#### Exercise:
Below are some entries. Transcribe the lines from the one holding "如有必要,轉動(dòng)凸" to the one holding "シアバター、オリーブオイル、", inclusive, but not the pictures among them.

--- Data ---

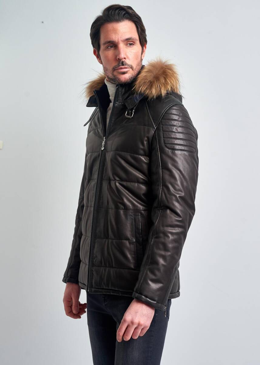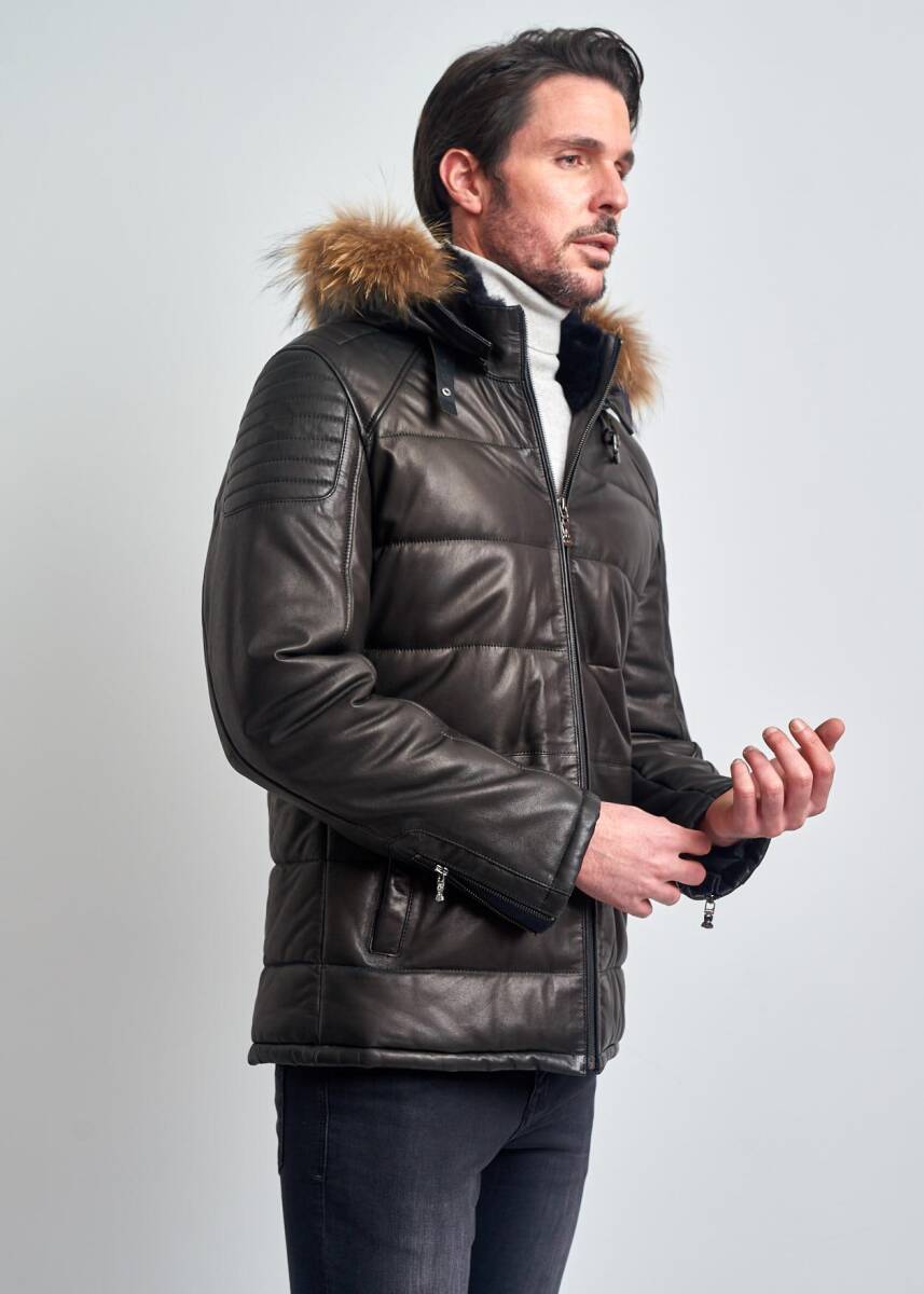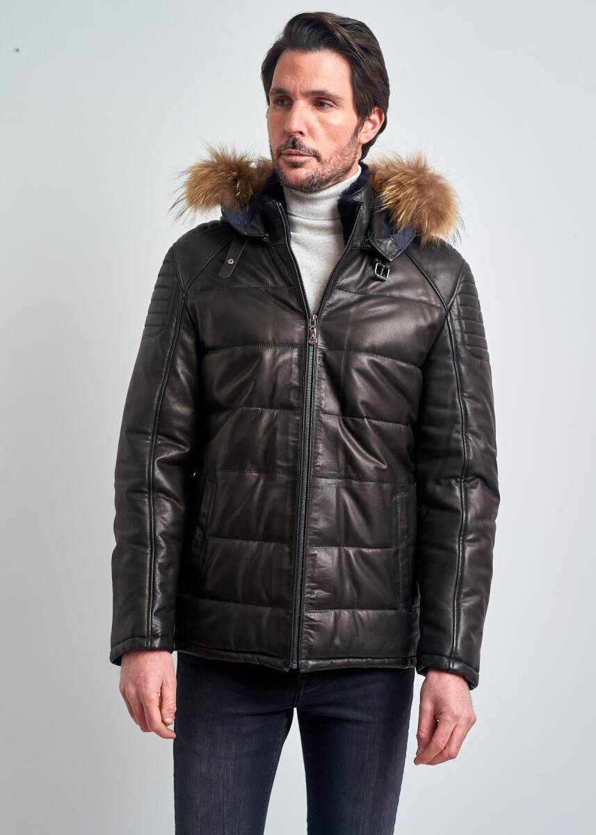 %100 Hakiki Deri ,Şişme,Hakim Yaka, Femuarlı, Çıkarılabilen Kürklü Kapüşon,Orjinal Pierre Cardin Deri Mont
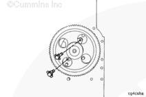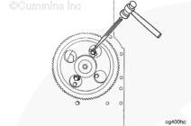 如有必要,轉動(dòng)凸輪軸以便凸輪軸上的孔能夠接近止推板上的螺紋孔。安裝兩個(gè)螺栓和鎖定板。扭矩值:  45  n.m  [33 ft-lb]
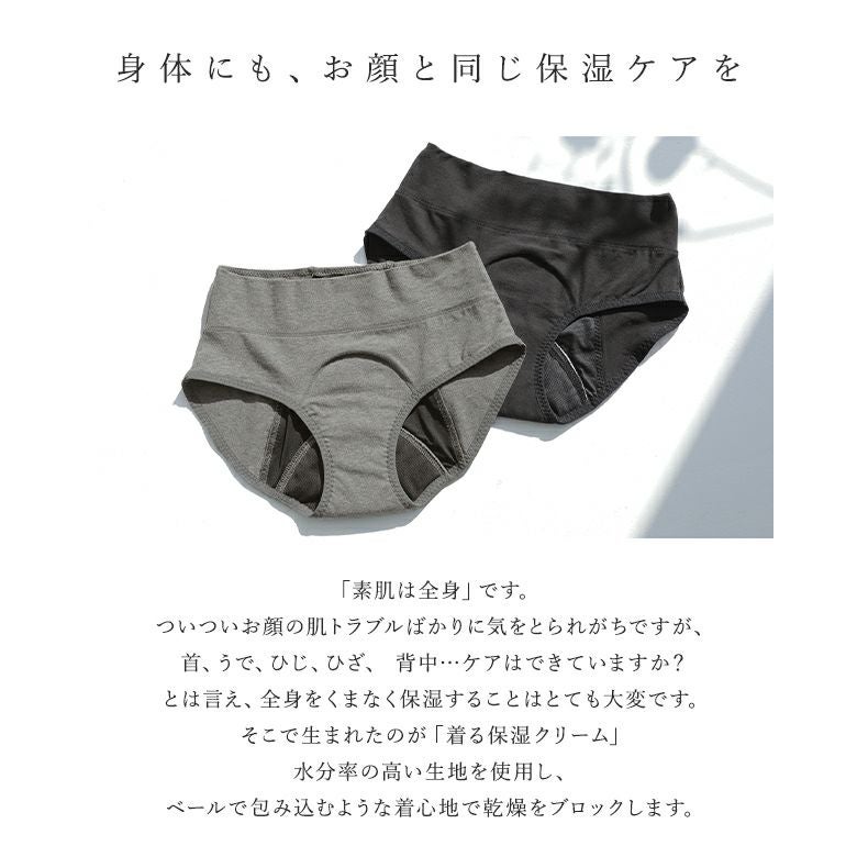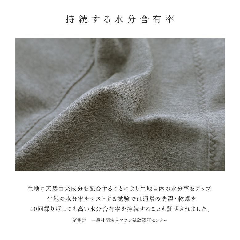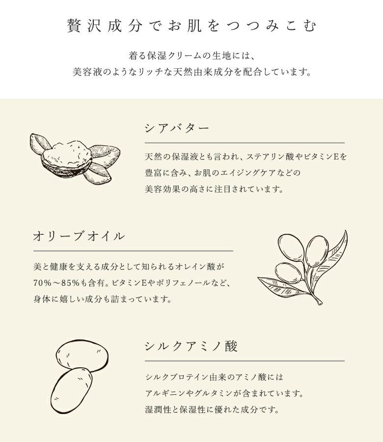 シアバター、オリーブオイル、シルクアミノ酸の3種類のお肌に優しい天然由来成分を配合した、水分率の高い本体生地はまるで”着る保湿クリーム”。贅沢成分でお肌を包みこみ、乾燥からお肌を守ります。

---
--- Data ---

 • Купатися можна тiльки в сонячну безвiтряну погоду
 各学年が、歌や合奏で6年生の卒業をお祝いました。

---

#### Written answer:
 如有必要,轉動(dòng)凸輪軸以便凸輪軸上的孔能夠接近止推板上的螺紋孔。安裝兩個(gè)螺栓和鎖定板。扭矩值:  45  n.m  [33 ft-lb]
 シアバター、オリーブオイル、シルクアミノ酸の3種類のお肌に優しい天然由来成分を配合した、水分率の高い本体生地はまるで”着る保湿クリーム”。贅沢成分でお肌を包みこみ、乾燥からお肌を守ります。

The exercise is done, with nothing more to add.